Sydney Harbor Bridge obsession paves way for tourism business

Not all bridges have fan-clubs, but Australia's Sydney Harbor Bridge is a superstar in the superstructure world.

For most of us, that famous arch is the gateway to the New Year, but for Paul Cave, the Sydney Harbor Bridge is personal, reports CBS News' Lee Cowan.

"Just slightly obsessive. Just a tiny bit," Cave said, laughing.

His father-in-law bought the very first train ticket to cross that bridge when it opened back in 1932. It's the centerpiece of Paul's extensive -- and expensive -- collection of bridge-related memorabilia, some 4,000 artifacts in all.

He even spent 17 years tracking down the sword used to cut the inaugural ribbon.

Having ephemera wasn't enough, however. Paul wanted to touch the bridge, to feel it shake under his feet. So one day, he talked a bridge foreman into letting him climb the bridge.

"I was pretty nervous," Cave said. "I mean, I was petrified, really, my knuckles as my leather shoes slid on those rails of that ladder. It was just mind-blowing."

So mind-blowing, he spent years and much of his own money trying to give others the same thrill.

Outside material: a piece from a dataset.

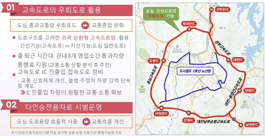 대전시는 공사로 인한 교통 불편을 줄이기 위해 △고속도로 우회도로 활용 △다인승 전용차로 시범운영 △대중교통 이용 활성화 △우회도로 신설 및 기존 도로정비 △신호체계 최적화 △민원 대응 강화를 주요 대책으로 내세웠다.
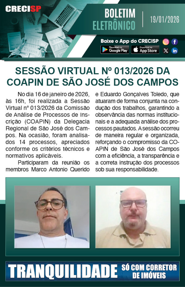 Sessão virtual Nº 013/2026 da COAPIN de São José dos Campos

The result was the Sydney Harbor Bridge Climb, an attraction Lonely Planet called one of the world's biggest adrenaline rushes.

As a tourist draw it was great, but as a business proposition, this was no easy sell.

"The research and the homework took a lot longer than we thought it would," Cave said.

Some 10 years in fact, figuring out the environmental, historical and most of all, safety issues involved.

Harnesses were specifically designed for the bridge climb.

"It's really a combination of the sort of equipment you use if you're cleaning the windows on a building or you're attached on a yacht," Cave said.

Even the protective suit was specially made to blend in with the bridge, so as not to distract drivers as you climb through its iron underbelly.

Paul essentially leases the bridge from the Australian government.

In exchange, he promised to use the tourist dollars to help pay for its upkeep.

He gets about 200,000 climbers a year who pay up to $350 a pop for a trip to the top. You get there by climbing more than 1,400 steps and ladders -- the same ones used by bridge workers themselves.

Surprisingly, it's not strenuous unless you're afraid of heights. As we climb about 40 stories above the water, we reach what everyone comes for, and we're told everyone says about the same thing:

"Wow."

The view is unsurpassed. Add in the wind and the sound of the cars far below, you've got the making of a memory.

Cave said it never gets old.

"Look, it always pushes a button for me. Every time."

Had he listened to all the naysayers, this may have never happened. It's not the only bridge climb in the world, but this one is Cave's passion.

"It was the pursuit of something that became an obsession and the pursuit of a journey. It's nice to get to the end and nice to have it happen," he said.

Not the end of the journey. Just the top.